Covering the whole life cycle of large models - more comprehensive and more comprehensive
Provide comprehensive functional services for data labeling, model training and evaluation, reasoning services and application integration
Significantly improved training and inference performance - more efficient and more efficient
The training performance of MLPerf list is world-leading, and the acceleration capability of distributed parallel training of 100 billion models and the utilization rate of computing power have been greatly improved
Rapid application orchestration and plug-in integration - more open and more open
Preset Baidu Wenxin large models and third-party large models, support flexible arrangement of plug-ins and applications, and help large models to be applied in multiple scenarios
Built-in sensitive word filtering - safer and more secure
Perfect authentication and flow control security mechanism, built-in sensitive word filtering, double guarantee of machine review and human review
Built-in Wenxin large model base
technology leadership
Knowledge-enhanced large model, unified paradigm supports multiple types of downstream tasks
Advanced parallel strategy supports large model training, compression and deployment
Controllable and reliable language understanding and generation capabilities
Full scene coverage
Support dialogue interaction, free question and answer, copywriting and other capabilities
Covering energy, finance, aerospace, industry, media and other fields
Low threshold and easy to use
One line of code to call the service
One-click automatic model fine-tuning
A small amount of data to complete the implementation of multi-scenario AI applications
Real and landable
Provide enterprise-level one-stop customer service
Get through the four-tier architecture of chip + platform + model + application
Cooperate with multiple partners to achieve end-to-end application landing
02
Large Model Code Assistant
With the increasing demand for digital transformation, more and more applications of AI in enterprises, high threshold for AI development, complex and diverse application scenarios, and dependence on scene annotation data have become challenges for the large-scale implementation of AI, while pre-training large models The emergence of artificial intelligence has brought new opportunities and hopes.

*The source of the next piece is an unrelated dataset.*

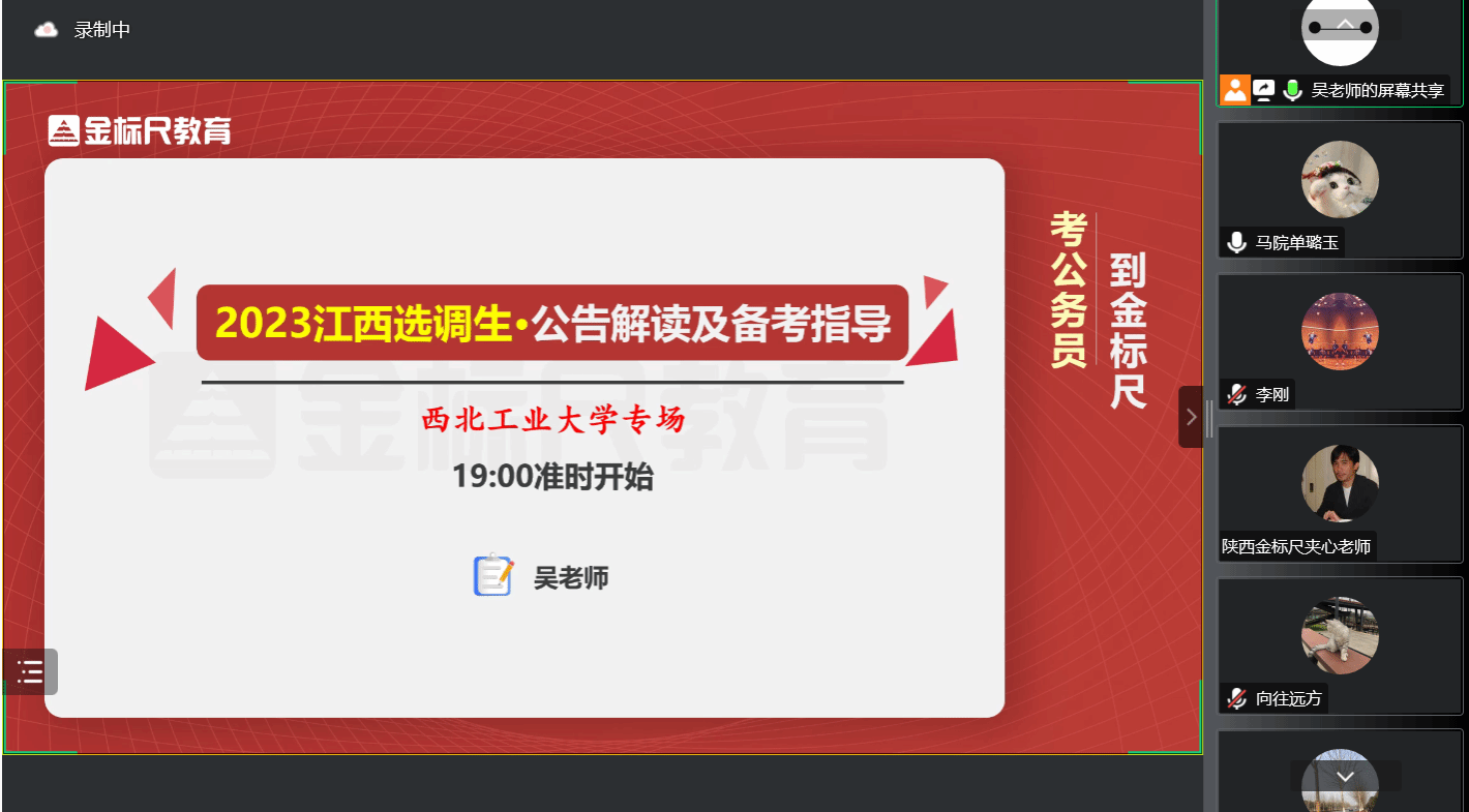 讲座伊始,吴沈川老师对2023年江西选调公告进行了权威性解读,通过对选调对象及计划、选调程序和时间安排的讲解,对比2021与2022江西省定向西工大选调录取情况,说明了江西省政府对选调生选拔与培养等相关工作的重视以及在政策上给予的支持。

As an important starting point for the government and enterprises to promote the development of the artificial intelligence industry, large models have shown significant advantages and great potential in the generalization, versatility, and migration of AI tasks such as recognition, understanding, decision-making, and generation. It is no longer a fantasy if programmers have a code assistant who can easily and accurately assist in completing some repetitive, simple, and trivial tasks.
Now, more and more developers need to use this must-have tool. The current mainstream AI intelligent programming code assistants include Github CopilotX, Codeium, Tabnine, Replit Ghostwriter and Amazon CodeWhisperer.
Github CopilotX
Copilot X is an upgrade to Copilot released in 2021. It is connected to GPT-4 and has added functions such as chat and voice. In Copilot X, you only need to "move your mouth" and it can write your code By the way, I also wrote the test cases for you. It can also explain the code snippets that you don’t understand, and let it help you debug directly. It is simply a thoughtful little assistant for programmers.
With the release of OpenAI's GPT-4 model, GitHub released a new version of GitHub Copilot X. The AI model of Copilot X uses the latest OpenAI GPT-4. GitHub Copilot X is committed to improving the developer experience and will provide chat and voice interfaces, support pull requests, answer documentation questions, and enable a more personalized developer experience through GPT-4. Using GitHub Copilot X, it can explain the purpose of the code, and when it encounters bugs, let Copilot X try to fix it, and even generate unit tests by the way.
Replit Ghostwriter
Replit Ghostwriter is an artificial intelligence-based code assistance tool that helps developers quickly write, generate, convert, and interpret code, while providing a function to search and import open source code within the editor. Replit is an online integrated development environment (IDE), which supports multiple programming languages, such as Python, JavaScript, Ruby, etc., allowing developers to create, run and share code in the browser. Replit also provides functions such as multi-person collaboration, version control, and cloud deployment, allowing developers to easily build and release applications. Replit AI Ghostwriter is a new feature of Replit that leverages OpenAI's GPT-4 model to provide developers with an AI-powered coding assistance tool.
However, now Baidu Smart Cloud has created a new generation of coding assistance tools based on the Wenxin model - code assistant Comate!
During the engineer's development process, Comate can predict the code by reading the declared function name through the context and comment combination code in the development. While allowing to view suggestions and manually edit suggested codes, duplicate codes are automatically filled.
The working principle is to read through the head open source code on the global GitHub repository, collect data and try to find the best code related to it, and continuously train and improve the recommendation accuracy through the returned data. The core capabilities are reflected in single-line recommendation, multi-line recommendation and natural language conversion code.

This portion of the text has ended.